-- HOW TO COMPLETE THIS TASK --
An exact reprint of every record below is required, with the pictures left out.

DATA RECORDS Block Start

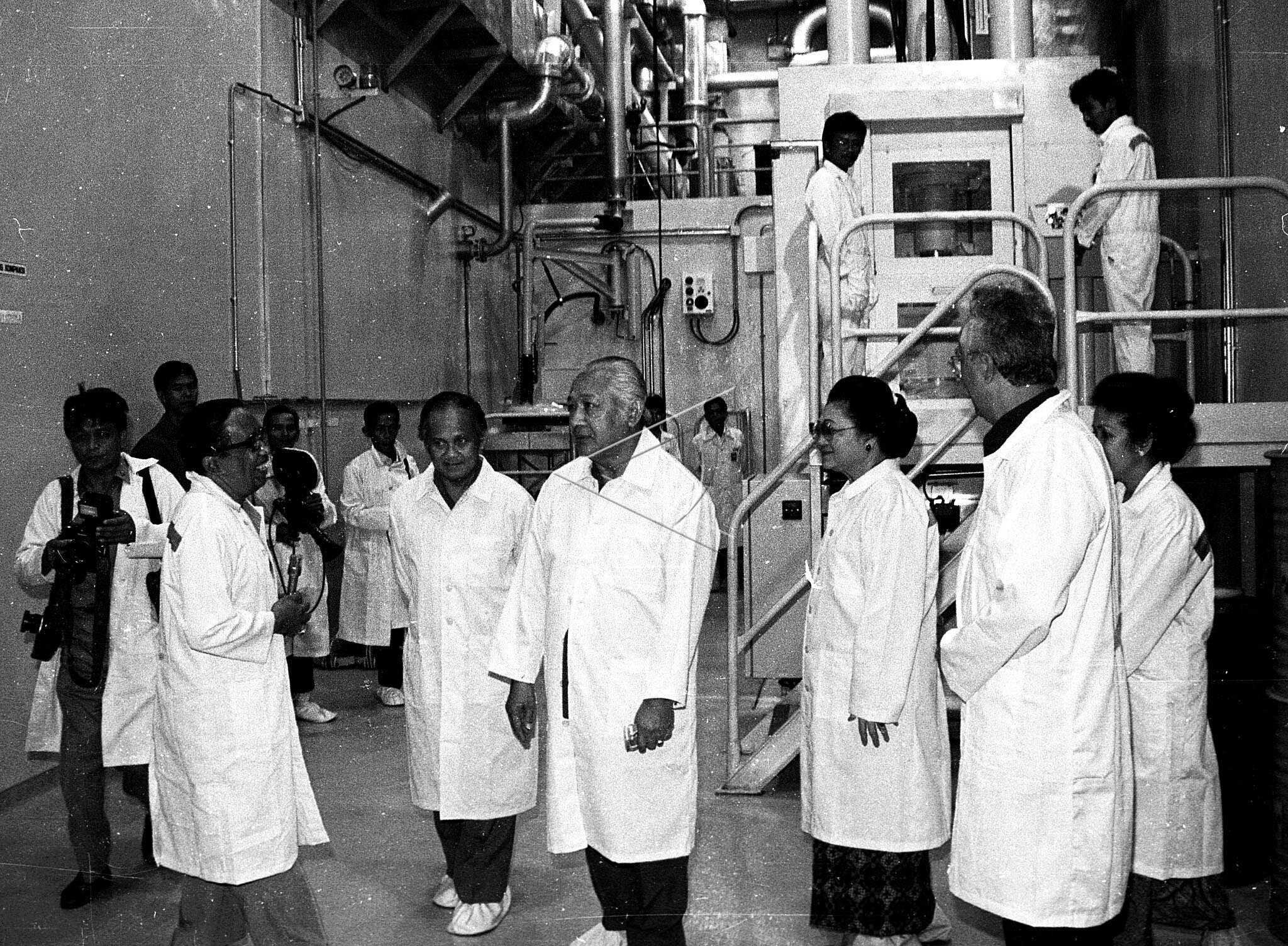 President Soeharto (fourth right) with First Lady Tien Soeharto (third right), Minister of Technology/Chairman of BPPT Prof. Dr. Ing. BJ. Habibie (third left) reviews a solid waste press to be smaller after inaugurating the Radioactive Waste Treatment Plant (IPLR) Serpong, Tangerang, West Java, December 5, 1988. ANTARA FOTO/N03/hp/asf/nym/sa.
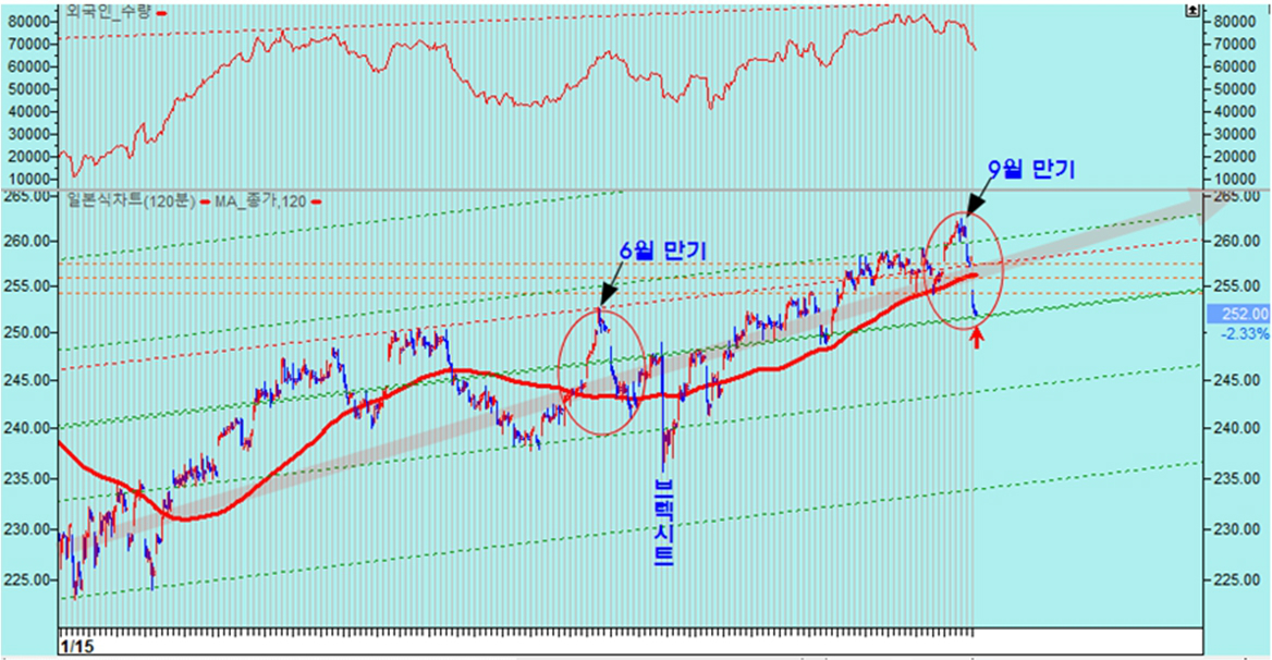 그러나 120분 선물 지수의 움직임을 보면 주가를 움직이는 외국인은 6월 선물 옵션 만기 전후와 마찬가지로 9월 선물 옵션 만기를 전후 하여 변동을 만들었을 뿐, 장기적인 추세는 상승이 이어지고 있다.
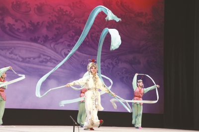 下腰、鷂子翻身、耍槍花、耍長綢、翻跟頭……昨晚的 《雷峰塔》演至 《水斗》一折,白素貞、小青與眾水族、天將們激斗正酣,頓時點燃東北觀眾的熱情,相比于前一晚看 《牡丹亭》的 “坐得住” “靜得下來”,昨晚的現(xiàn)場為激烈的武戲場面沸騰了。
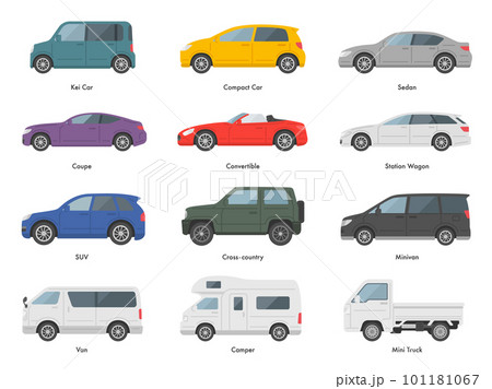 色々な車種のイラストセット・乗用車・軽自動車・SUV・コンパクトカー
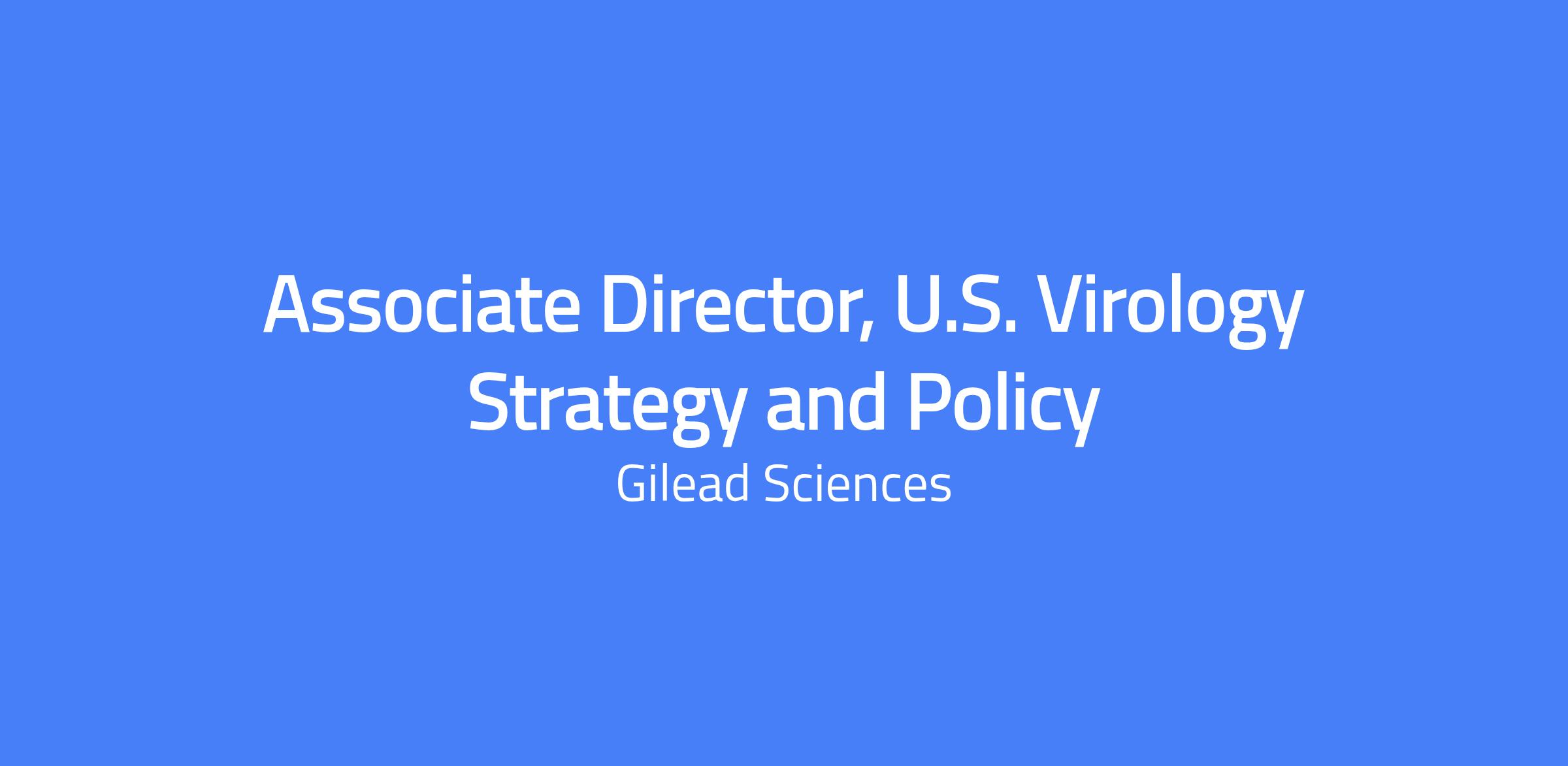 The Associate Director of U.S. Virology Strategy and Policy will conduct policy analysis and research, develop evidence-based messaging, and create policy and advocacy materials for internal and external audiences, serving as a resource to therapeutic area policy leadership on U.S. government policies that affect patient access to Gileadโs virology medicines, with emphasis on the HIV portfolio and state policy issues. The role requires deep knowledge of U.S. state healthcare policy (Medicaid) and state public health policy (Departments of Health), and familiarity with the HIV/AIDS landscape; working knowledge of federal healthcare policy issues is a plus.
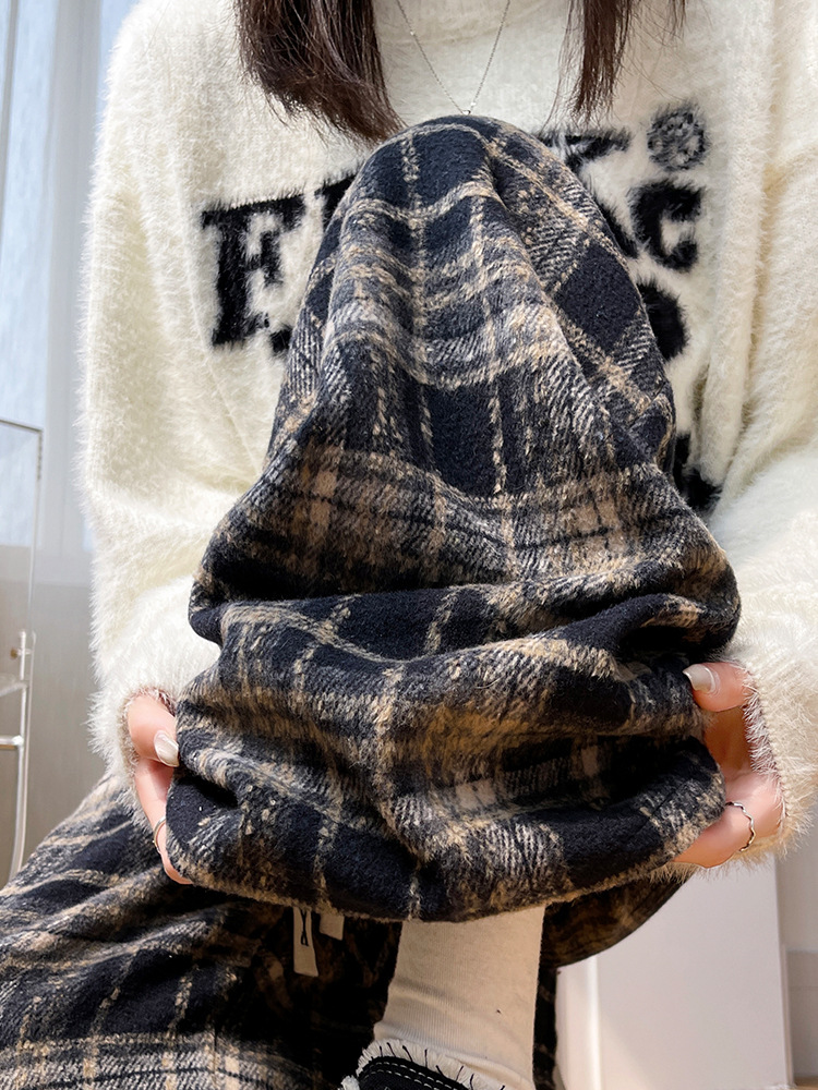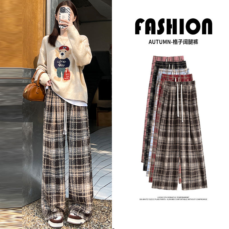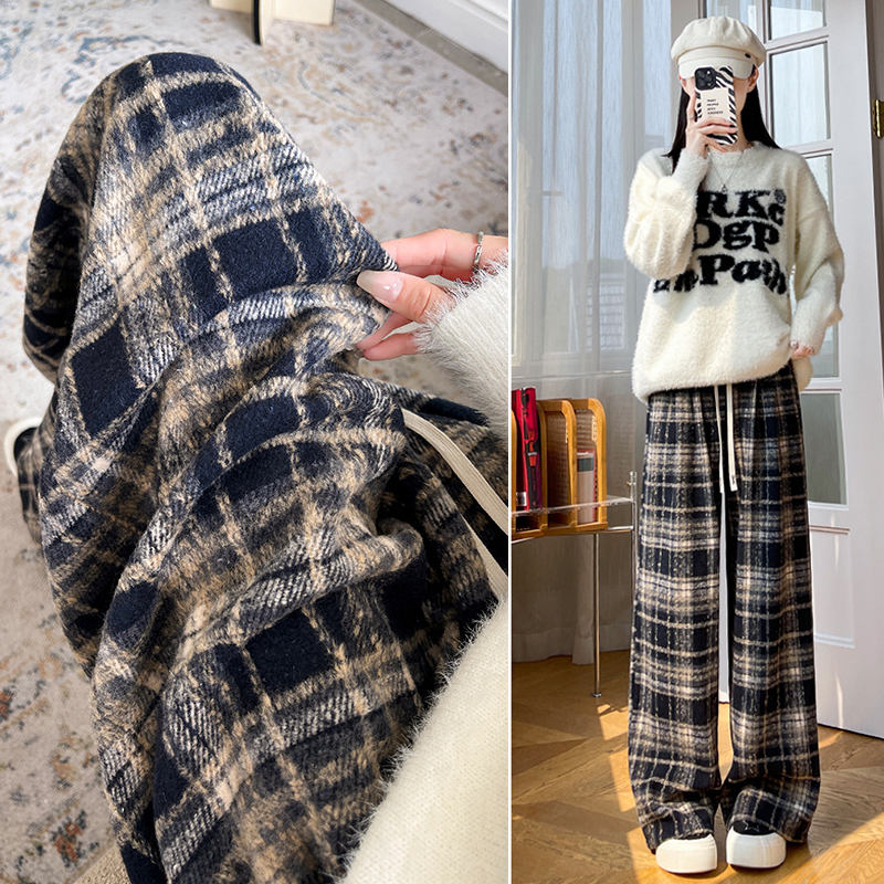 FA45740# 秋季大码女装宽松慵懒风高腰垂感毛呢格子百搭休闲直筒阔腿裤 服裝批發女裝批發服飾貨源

DATA RECORDS Block End

-- YOUR RESPONSE --
 President Soeharto (fourth right) with First Lady Tien Soeharto (third right), Minister of Technology/Chairman of BPPT Prof. Dr. Ing. BJ. Habibie (third left) reviews a solid waste press to be smaller after inaugurating the Radioactive Waste Treatment Plant (IPLR) Serpong, Tangerang, West Java, December 5, 1988. ANTARA FOTO/N03/hp/asf/nym/sa.
 그러나 120분 선물 지수의 움직임을 보면 주가를 움직이는 외국인은 6월 선물 옵션 만기 전후와 마찬가지로 9월 선물 옵션 만기를 전후 하여 변동을 만들었을 뿐, 장기적인 추세는 상승이 이어지고 있다.
 下腰、鷂子翻身、耍槍花、耍長綢、翻跟頭……昨晚的 《雷峰塔》演至 《水斗》一折,白素貞、小青與眾水族、天將們激斗正酣,頓時點燃東北觀眾的熱情,相比于前一晚看 《牡丹亭》的 “坐得住” “靜得下來”,昨晚的現(xiàn)場為激烈的武戲場面沸騰了。
 色々な車種のイラストセット・乗用車・軽自動車・SUV・コンパクトカー
 The Associate Director of U.S. Virology Strategy and Policy will conduct policy analysis and research, develop evidence-based messaging, and create policy and advocacy materials for internal and external audiences, serving as a resource to therapeutic area policy leadership on U.S. government policies that affect patient access to Gileadโs virology medicines, with emphasis on the HIV portfolio and state policy issues. The role requires deep knowledge of U.S. state healthcare policy (Medicaid) and state public health policy (Departments of Health), and familiarity with the HIV/AIDS landscape; working knowledge of federal healthcare policy issues is a plus.
 FA45740# 秋季大码女装宽松慵懒风高腰垂感毛呢格子百搭休闲直筒阔腿裤 服裝批發女裝批發服飾貨源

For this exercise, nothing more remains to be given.